Omit all pictures and transcribe only the lines in the entries below that run from the line with "새로 신청한다면 【최초" through the line with "Reflective sign. Featuring".

Data under study:
──────────────────────────────

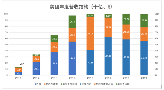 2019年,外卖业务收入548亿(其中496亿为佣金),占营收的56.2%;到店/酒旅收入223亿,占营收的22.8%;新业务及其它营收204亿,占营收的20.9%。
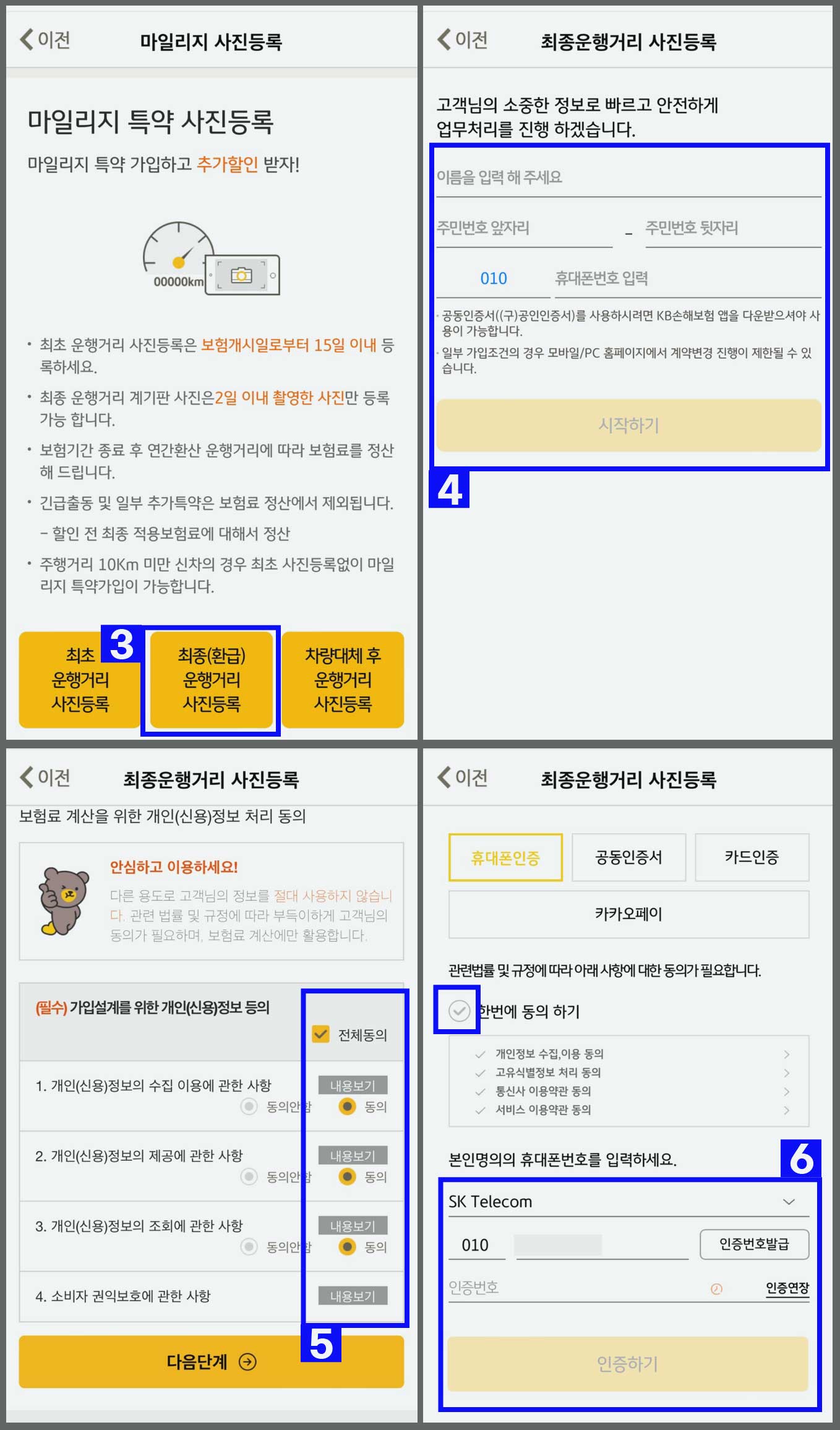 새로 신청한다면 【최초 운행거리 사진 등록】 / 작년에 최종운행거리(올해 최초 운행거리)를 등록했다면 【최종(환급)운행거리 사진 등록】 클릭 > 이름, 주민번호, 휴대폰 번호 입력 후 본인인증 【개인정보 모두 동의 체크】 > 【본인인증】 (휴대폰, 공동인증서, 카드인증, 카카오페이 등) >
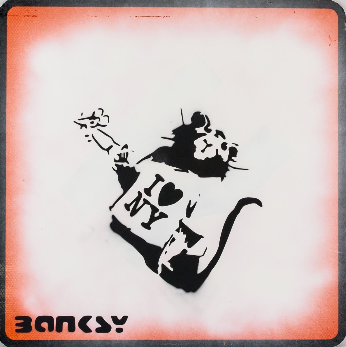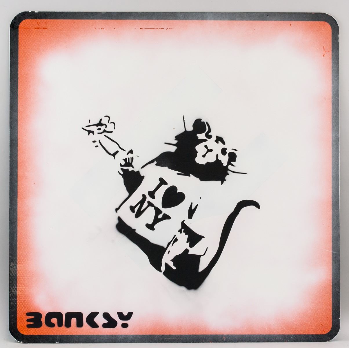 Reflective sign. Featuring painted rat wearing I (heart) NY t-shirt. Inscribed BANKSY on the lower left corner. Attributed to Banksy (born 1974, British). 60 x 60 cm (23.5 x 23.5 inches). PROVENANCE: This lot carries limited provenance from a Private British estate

──────────────────────────────

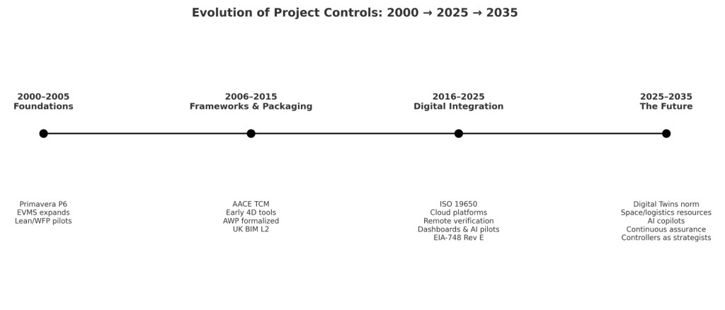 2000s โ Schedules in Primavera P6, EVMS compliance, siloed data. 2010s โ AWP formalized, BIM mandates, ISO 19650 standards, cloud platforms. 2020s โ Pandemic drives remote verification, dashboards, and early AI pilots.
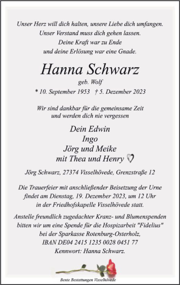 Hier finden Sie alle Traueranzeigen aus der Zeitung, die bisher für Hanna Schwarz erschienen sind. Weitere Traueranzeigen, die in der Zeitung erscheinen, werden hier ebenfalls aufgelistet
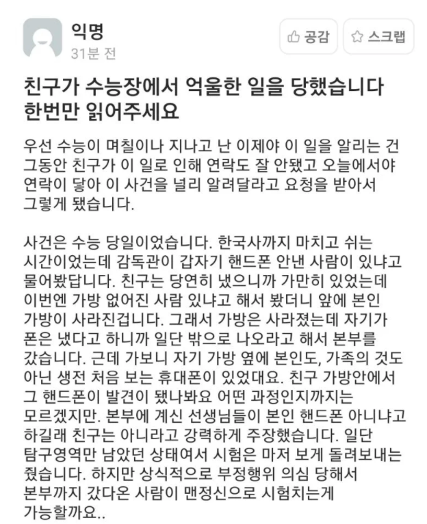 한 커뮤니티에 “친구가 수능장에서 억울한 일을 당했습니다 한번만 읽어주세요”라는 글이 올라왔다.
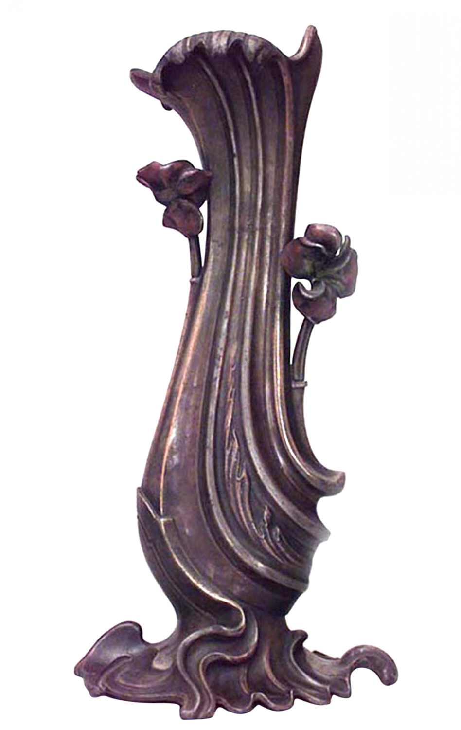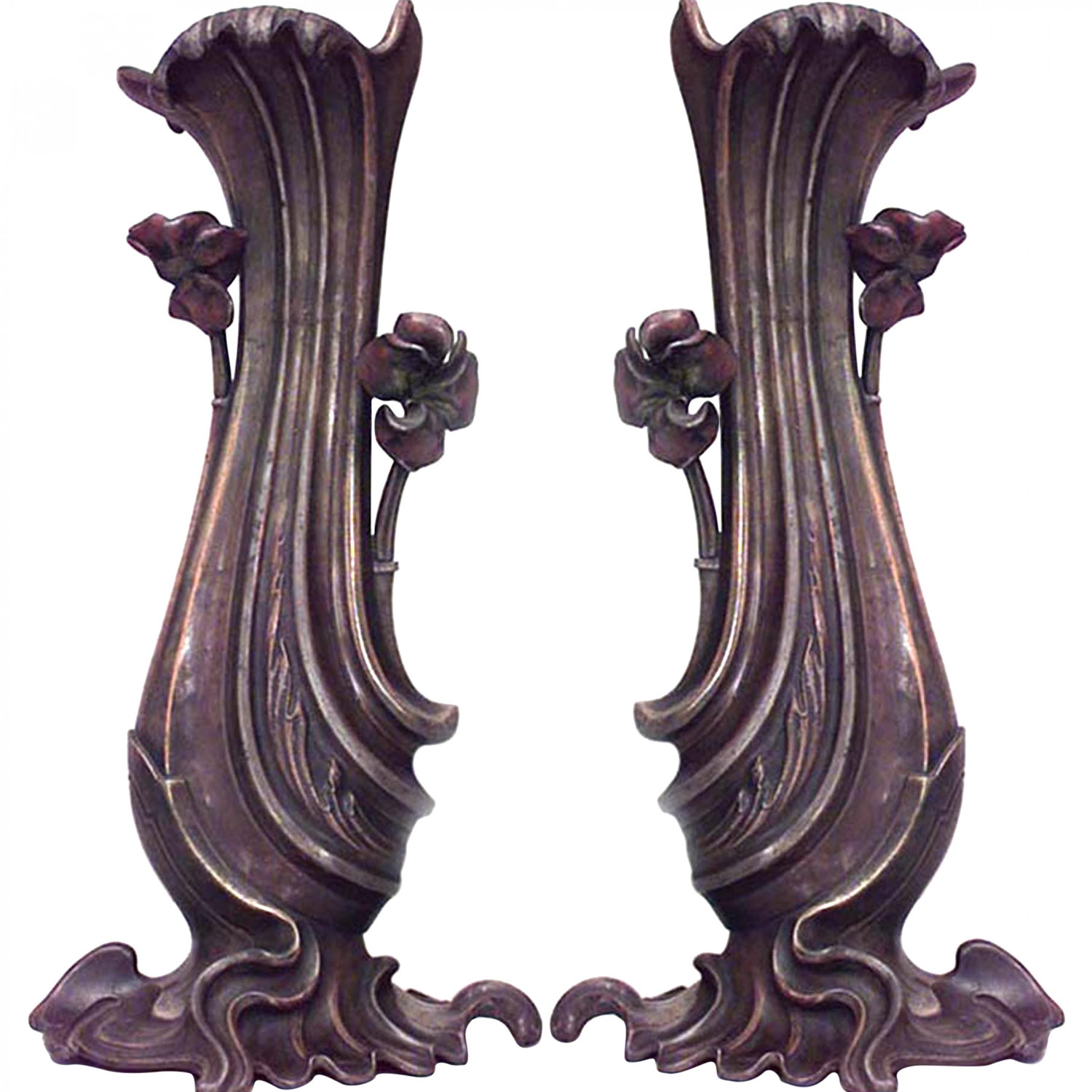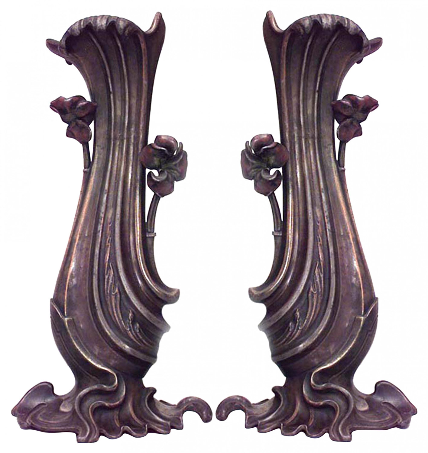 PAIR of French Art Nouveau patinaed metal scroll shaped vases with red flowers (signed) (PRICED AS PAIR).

──────────────────────────────

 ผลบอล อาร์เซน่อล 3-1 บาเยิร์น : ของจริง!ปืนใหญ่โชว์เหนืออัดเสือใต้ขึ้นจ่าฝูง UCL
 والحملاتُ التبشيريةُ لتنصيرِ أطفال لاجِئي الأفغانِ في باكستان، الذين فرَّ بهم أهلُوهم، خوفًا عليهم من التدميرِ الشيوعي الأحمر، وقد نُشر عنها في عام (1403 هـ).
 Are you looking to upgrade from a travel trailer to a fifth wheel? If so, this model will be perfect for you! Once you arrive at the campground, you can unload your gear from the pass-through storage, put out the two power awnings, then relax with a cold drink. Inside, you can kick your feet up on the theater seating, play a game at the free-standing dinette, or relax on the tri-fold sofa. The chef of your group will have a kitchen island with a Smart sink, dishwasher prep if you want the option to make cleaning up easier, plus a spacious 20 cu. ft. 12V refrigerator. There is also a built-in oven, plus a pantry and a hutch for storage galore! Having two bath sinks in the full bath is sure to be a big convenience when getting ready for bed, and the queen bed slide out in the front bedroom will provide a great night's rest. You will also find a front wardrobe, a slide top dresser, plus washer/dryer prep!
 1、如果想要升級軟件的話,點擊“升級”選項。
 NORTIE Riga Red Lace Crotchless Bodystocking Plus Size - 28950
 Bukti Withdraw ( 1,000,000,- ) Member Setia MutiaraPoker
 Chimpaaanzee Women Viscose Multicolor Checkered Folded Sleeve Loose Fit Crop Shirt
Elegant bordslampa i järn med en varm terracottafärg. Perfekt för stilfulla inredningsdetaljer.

──────────────────────────────

Answer:
 새로 신청한다면 【최초 운행거리 사진 등록】 / 작년에 최종운행거리(올해 최초 운행거리)를 등록했다면 【최종(환급)운행거리 사진 등록】 클릭 > 이름, 주민번호, 휴대폰 번호 입력 후 본인인증 【개인정보 모두 동의 체크】 > 【본인인증】 (휴대폰, 공동인증서, 카드인증, 카카오페이 등) >
 Reflective sign. Featuring painted rat wearing I (heart) NY t-shirt. Inscribed BANKSY on the lower left corner. Attributed to Banksy (born 1974, British). 60 x 60 cm (23.5 x 23.5 inches). PROVENANCE: This lot carries limited provenance from a Private British estate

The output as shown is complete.